Standard Base64 (RFC 4648 §4) uses A–Z a–z 0–9 + / with = padding, which breaks URLs and filenames. Base64-URL (§5) substitutes - for +, _ for /, and typically drops the = padding. If your string will appear in a URL, query parameter, JWT segment, or filename, always pick the URL-safe variant — otherwise you'll need to manually escape +/= on every transit.
Anywhere a human reads, dictates, or types the string, look-alikes cause real support load. Douglas Crockford's Base32 drops I, L, O (confuse with 1, 1, 0) and U (to avoid accidental obscenity); Base58 drops 0, O, I, l. Coupon codes, recovery codes, wallet addresses, and license keys all benefit. For machine-only strings (API headers, cookies), the exclusion gains you nothing and costs ~0.07 bits per char.

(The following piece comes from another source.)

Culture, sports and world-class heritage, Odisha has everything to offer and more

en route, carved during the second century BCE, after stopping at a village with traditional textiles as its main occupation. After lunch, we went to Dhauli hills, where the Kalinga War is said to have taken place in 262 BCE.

UUIDv4 is a fine random identifier — it carries 122 bits of randomness in 16 bytes. The downsides for string-style use: it's 36 characters with four hyphens (e.g., f47ac10b-58cc-4372-a567-0e02b2c3d479), uses only hex (4 bits per char), and the version/variant bits are not random, so it's not the most entropy-dense format on the wire. For a URL token, 22 chars of base64-url carries the same ~128 bits in 39% less space. Use UUIDs when you need RFC 4122 conformance or compatibility with uuid columns in Postgres / SQL Server; use a plain random string when you just need entropy.
For a string that resists offline brute force against modern GPUs, target 80 bits of entropy for medium-risk accounts and 128+ bits for high-value or long-lived credentials. With the full alphanumeric + symbols set (94 chars, 6.55 bits/char), 12 chars ≈ 79 bits and 16 chars ≈ 105 bits. NIST SP 800-63B no longer mandates symbol classes for user passwords, but the entropy math is the same: longer beats fancier every time.

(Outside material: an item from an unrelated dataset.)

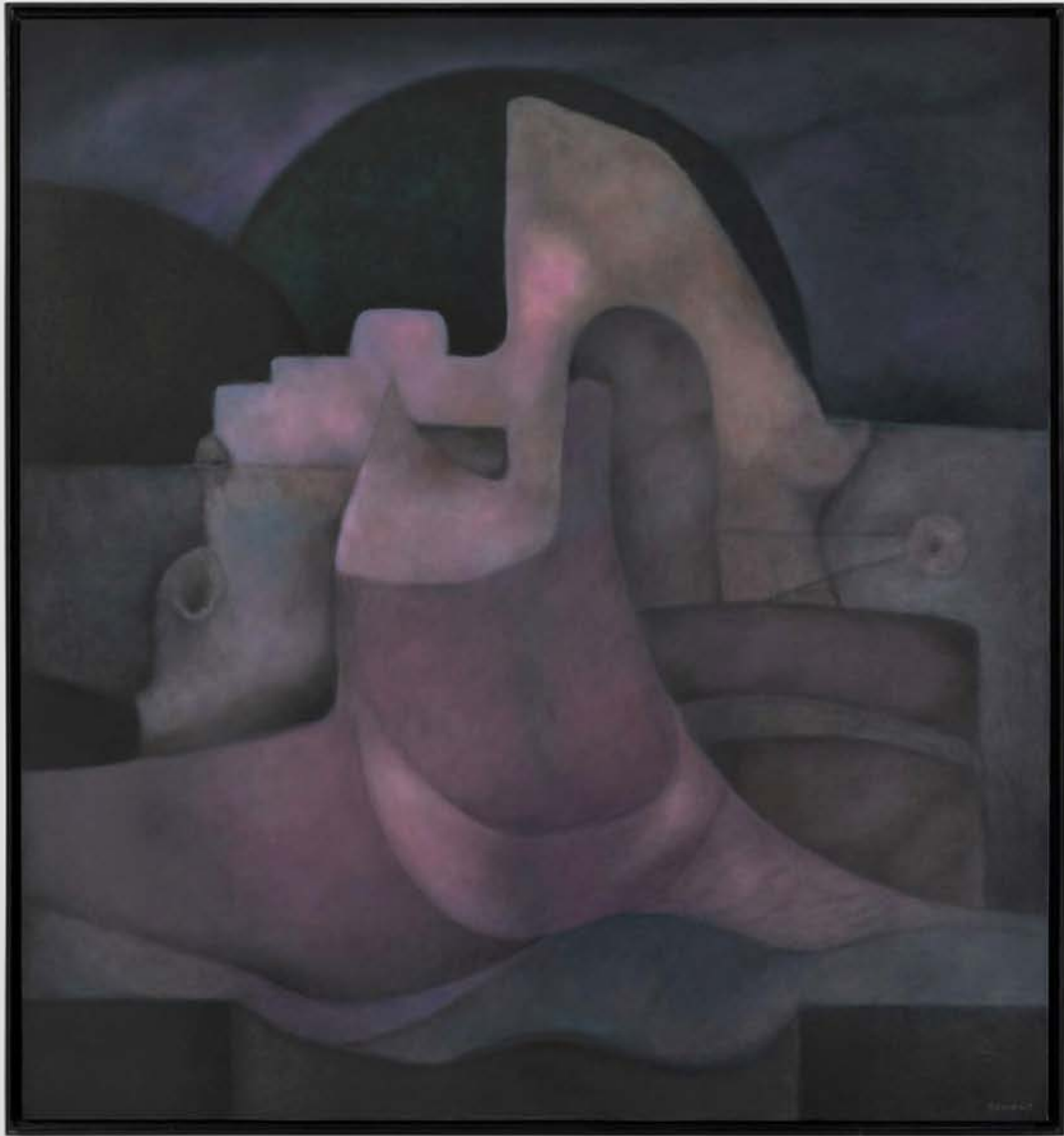
Preludio de un eclipse (Prelude to an Eclipse), 1996

Not from this tool — that's the point. CSPRNG output is unrecoverable by design; even the same browser tab will produce a different string on the next click. If you need a deterministic but unpredictable string (e.g., derive a token from a user ID + secret), use HMAC instead — see the Hash Generator for SHA-256 / HMAC-SHA256.
No. Generation runs entirely in your browser via crypto.getRandomValues(); the strings never touch any server. Closing the tab discards them. For sensitive secrets, paste them straight into your password manager or .env file and avoid sending them through chat or email.
The browser's crypto.getRandomValues() rejects requests above 65,536 bytes per call with a QuotaExceededError. The generator chunks larger requests automatically — for bulk runs (say, 100,000 coupon codes), it loops in batches and concatenates, so the entropy guarantee still holds per character.